== Given data ==
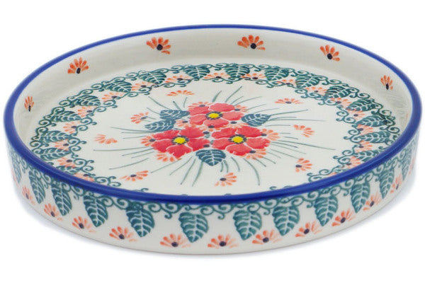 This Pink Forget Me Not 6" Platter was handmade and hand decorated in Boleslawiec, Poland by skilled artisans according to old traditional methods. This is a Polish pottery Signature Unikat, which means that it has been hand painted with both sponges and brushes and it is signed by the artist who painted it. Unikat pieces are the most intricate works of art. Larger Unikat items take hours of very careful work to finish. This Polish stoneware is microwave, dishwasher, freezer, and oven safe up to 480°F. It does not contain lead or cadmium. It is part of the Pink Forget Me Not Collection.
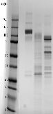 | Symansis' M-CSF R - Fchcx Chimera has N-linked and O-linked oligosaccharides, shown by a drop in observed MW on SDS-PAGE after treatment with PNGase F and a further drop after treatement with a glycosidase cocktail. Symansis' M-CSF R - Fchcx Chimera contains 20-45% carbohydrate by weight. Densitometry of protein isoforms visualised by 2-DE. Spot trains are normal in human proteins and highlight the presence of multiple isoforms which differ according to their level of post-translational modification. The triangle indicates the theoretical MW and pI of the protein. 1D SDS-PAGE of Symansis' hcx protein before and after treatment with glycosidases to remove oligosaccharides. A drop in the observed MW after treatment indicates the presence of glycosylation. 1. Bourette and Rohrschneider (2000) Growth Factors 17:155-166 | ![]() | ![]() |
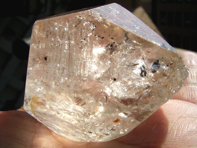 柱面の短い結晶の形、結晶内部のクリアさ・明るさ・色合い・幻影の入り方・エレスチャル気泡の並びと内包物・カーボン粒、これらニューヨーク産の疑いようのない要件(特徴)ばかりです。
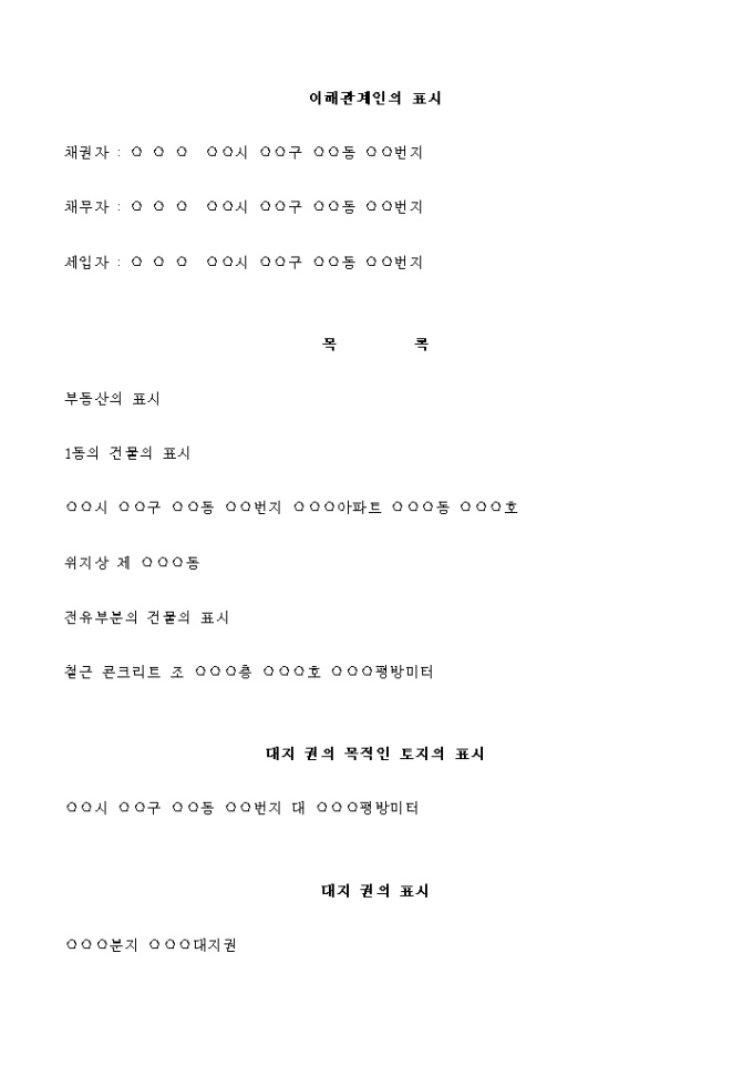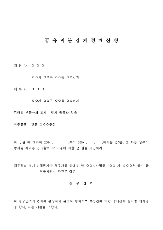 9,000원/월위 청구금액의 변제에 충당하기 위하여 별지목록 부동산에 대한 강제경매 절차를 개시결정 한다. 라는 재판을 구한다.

== Exercise aim ==
Send back every line above exactly, skipping all pictures.

== Exercise response ==
 This Pink Forget Me Not 6" Platter was handmade and hand decorated in Boleslawiec, Poland by skilled artisans according to old traditional methods. This is a Polish pottery Signature Unikat, which means that it has been hand painted with both sponges and brushes and it is signed by the artist who painted it. Unikat pieces are the most intricate works of art. Larger Unikat items take hours of very careful work to finish. This Polish stoneware is microwave, dishwasher, freezer, and oven safe up to 480°F. It does not contain lead or cadmium. It is part of the Pink Forget Me Not Collection.
 | Symansis' M-CSF R - Fchcx Chimera has N-linked and O-linked oligosaccharides, shown by a drop in observed MW on SDS-PAGE after treatment with PNGase F and a further drop after treatement with a glycosidase cocktail. Symansis' M-CSF R - Fchcx Chimera contains 20-45% carbohydrate by weight. Densitometry of protein isoforms visualised by 2-DE. Spot trains are normal in human proteins and highlight the presence of multiple isoforms which differ according to their level of post-translational modification. The triangle indicates the theoretical MW and pI of the protein. 1D SDS-PAGE of Symansis' hcx protein before and after treatment with glycosidases to remove oligosaccharides. A drop in the observed MW after treatment indicates the presence of glycosylation. 1. Bourette and Rohrschneider (2000) Growth Factors 17:155-166 | ![]() | ![]() |
 柱面の短い結晶の形、結晶内部のクリアさ・明るさ・色合い・幻影の入り方・エレスチャル気泡の並びと内包物・カーボン粒、これらニューヨーク産の疑いようのない要件(特徴)ばかりです。
 9,000원/월위 청구금액의 변제에 충당하기 위하여 별지목록 부동산에 대한 강제경매 절차를 개시결정 한다. 라는 재판을 구한다.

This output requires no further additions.